A Peter: It's brilliant this machine isn't it?
  Dean: Yes it has a mind of its own.
  Peter: That's also true.

If the investigation of the speech event is restricted to adjacency pair of assessment/response only, the German native speakers generally interpret Dean's response as agreement. The reason for this interpretation lies in the fact that firstly, there is the agreement token yes and secondly, that in the German cultural context the speech act agreement does not have to be boosted by, for instance, adverbials, in the preferred format (Fetzer 1994/96; Kalberg 1987; Kotthoff 1989). And even if Peter's response that's also true is added, the initial evaluation is hardly ever re-assessed.

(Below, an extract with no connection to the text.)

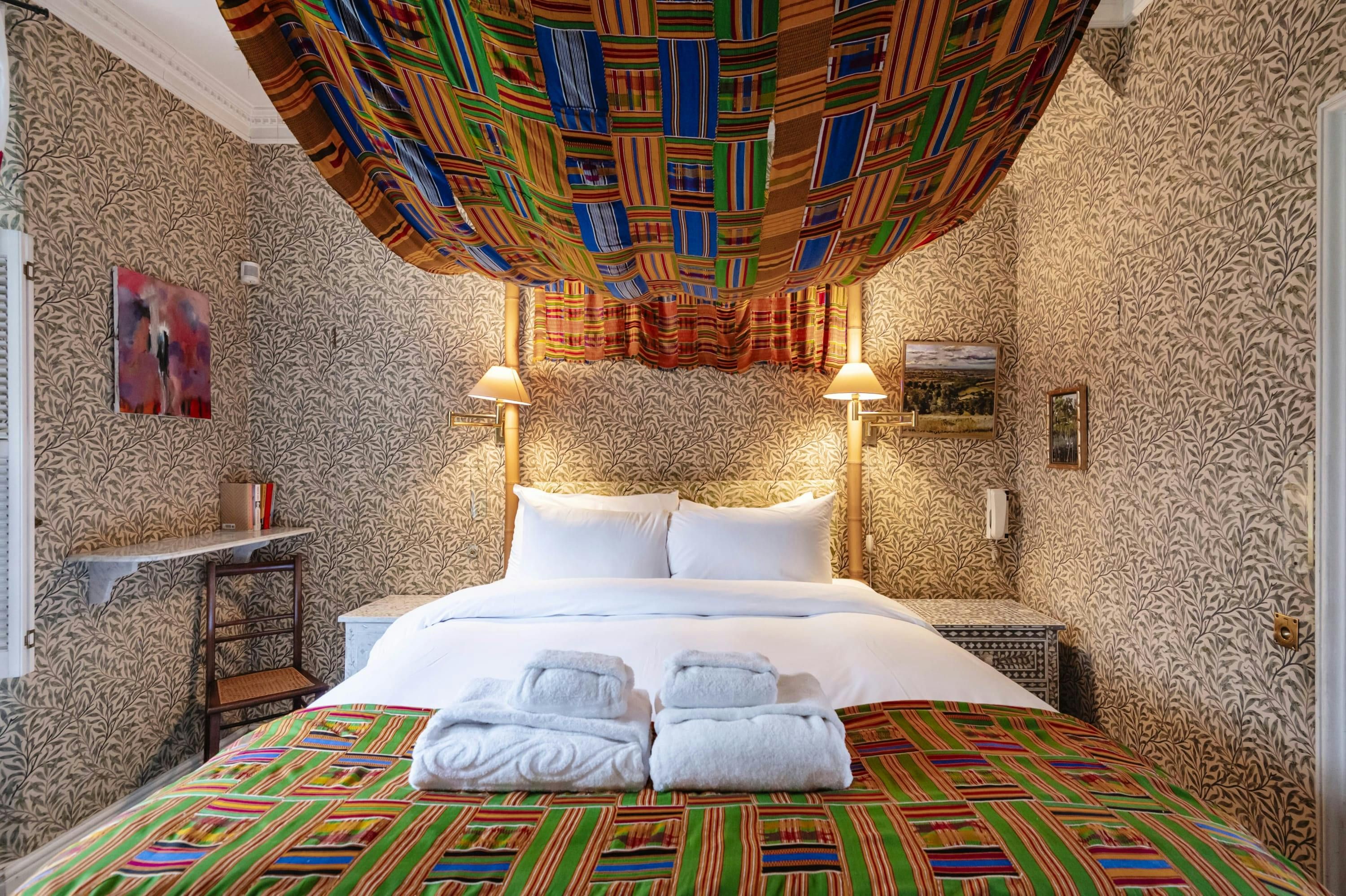 This eccentric and colourful home is a delightful choice of base in Kensington. The decor is quirky and charming, with curios in almost every corner. We love the skylight in particular, as well as the four-poster bed. The unusual layout means that there are lots of steep stairs to climb, and at full occupancy, one guest will be sleeping in a roped-off area in the living space, so it won’t suit everyone. There are plenty of eateries and shops nearby thanks to the proximity of Kensington High Street, and you’ll also be within walking distance of Hyde Park.
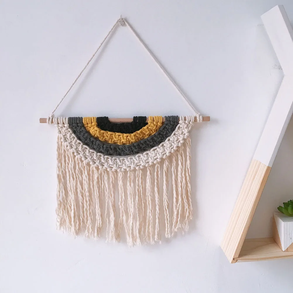 Настенный декор ручной работы из хлопковой нити, гобелен с кисточками, украшение для комнаты в богемном стиле

B Peter: It's a beautiful day outside isn't it?
  Dean: Yeah just gorgeous.
C Peter: It was too depressing.
  Dean: Oh it is terrible.

Exchanges B and C usually do not cause any controversy since Dean's responses are interpreted as agreement. Yet, exchange D may create some controversy about the question whether it is possible to apply the same way of reasoning irrespective of the content of the assessment, for Peter's assessment I'm so dumb I don't even know it is face-threatening to the speaker himself. It consists of a self-deprecation, which, unlike the prior assessments requires a different response, i.e. a rejection, as a preferred reaction:

D Peter: I'm so dumb I don't even know it.
  Dean: Y-no you're not dumb.

Exchange E deviates from the preferred format, but does not adhere to the dispreferred format either. It therefore triggers a process of inferencing resulting in an ironic reading:

E Peter: You're not bored.
  Dean: Bored. No. We're fascinated.

Exchanges F and G display the nonverbal reaction of silence, which is very important in a socio-semiotic framework, since its interpretation is extremely interdependent on cultural preferences. Yet, silence is not only ambiguous in an intercultural setting, it is also ambiguous in an intracultural setting: it signals disagreement in F and agreement in G:

F Peter: God isn't it dreary!
  Dean: silence
G Peter: I'm getting fat
  Dean: silence

The following exchange is one of the most striking illustrations of the interdependence of cultural values and communicative strategies:

S Uh if you'd care to come and visit a little while this morning I'll give you a cup of coffee.
H Ehm well that's awfully sweet of you. I don't think I can make it this morning. Ehm I'm running an ad in the paper and and I have to stay near the phone.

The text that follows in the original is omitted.